Dante sprang aus dem Kombi, öffnete die Beifahrertür und zerrte Kacy heraus, ehe sie bereit war.

»Weshalb so eilig?«, murrte sie.

Dante flüsterte ihr ins Ohr: »Schnell, der Bus ist schon beinahe voll. Ich möchte nicht neben jemand anderem sitzen.«

Kacy verstand seine Eile sofort. Sie hatten im Bus schon einmal getrennte Plätze nehmen müssen, und sie war auf einem beschissen kleinen Sitz neben Bubba gelandet. Bubba war ein netter Kerl, litt aber an fürchterlichen Blähungen, und nachdem Kacy eine halbe Stunde lang seine schweißnassen Fürze hatte riechen müssen, war ihr für den Rest des Tages übel gewesen. Diese Erinnerung beflügelte Dante und sie enorm, während sie über den Parkplatz zum Bus stürmten.

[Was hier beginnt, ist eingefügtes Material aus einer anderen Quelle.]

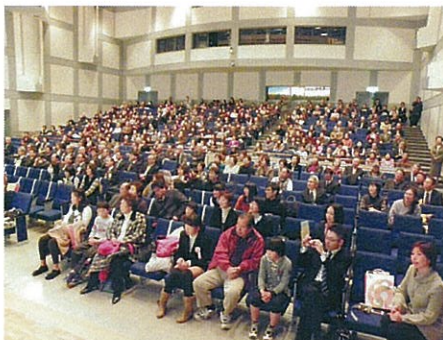
H25.12.25 作文・標語コンテスト表彰式 客席

Sie zeigten Bubba ihre Ausweise durch die gläserne Vordertür des Busses, und der öffnete die Tür für sie. Zu ihrer Bestürzung war nur noch ganz vorn im Bus, direkt hinter dem Fahrer ein Zweiersitz frei. Dante, stets der zuvorkommende Ehemann, überließ Kacy den Fensterplatz für den Fall, dass Bubba stark Gewürztes zum Frühstück hatte.

Als Nächster stieg Henry ein. Er bestand darauf, den Notsitz vorn neben Bubba zu nehmen. Dante und Kacy stupsten einander an und kicherten, erheitert von der Vorstellung, wie Henry Bubbas Fürze die ganze Strecke lang ertragen musste.

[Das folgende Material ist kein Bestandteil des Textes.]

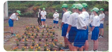
緑の少年団(豊前市) 花いっぱい運動

緑の募金は「緑の募金による森林整備等の推進に関する法律」 に基づき(公財)福岡県水源の森基金が福岡県知事の 指定を受けて行っています。
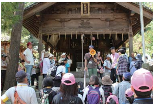
いきいき歴史探訪ウォークラリー
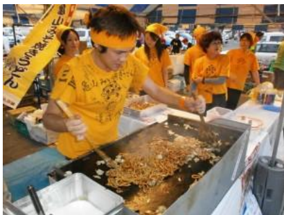
第6回三重県ご当地グルメ大会
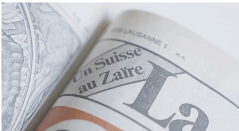
The Right to Forget, Lisa Mazenauer, CH 2025
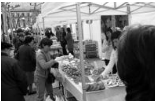
Pasa den urteko Tolosa Goxua azokaren une bat. P. ALBERDI
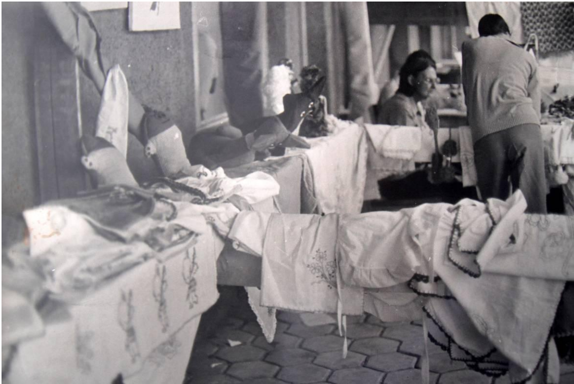
Figura 2: Bazar. Artesanato produzido por internos, 1970. (LOPES, Maria)

Eine weitere Minute verging, ehe Denise allein in den Bus stieg. Sie entdeckte einen freien Platz auf halber Strecke und nahm Kurs darauf.

»Wo bleibt Chantelle?«, fragte Kacy, als Denise vorbeiging.

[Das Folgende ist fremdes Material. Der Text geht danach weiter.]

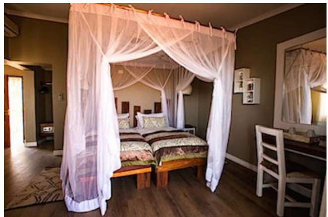
Kalahari Anib Lodge
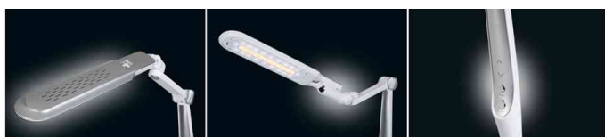
Detailansicht - Leuchtenkopf / Steuerung

»Sie fühlt sich nicht gut«, sagte Denise. »Sie kommt später nach.«

Der Bus setzte sich in Bewegung und fuhr vom Parkplatz. Dabei kam er an Chantelles Kombi vorbei. Chantelle saß noch immer auf dem Fahrersitz. Für das ungeübte Auge sah es aus, als ob sie schlief. Viel später am Tag sollte jedoch einem Passanten auffallen, dass sie Käsedraht um den Hals trug. Denise hatte sie von der Rückbank aus erwürgt.

Chantelles Tod sollte sich an diesem Tag als der erste von vielen erweisen.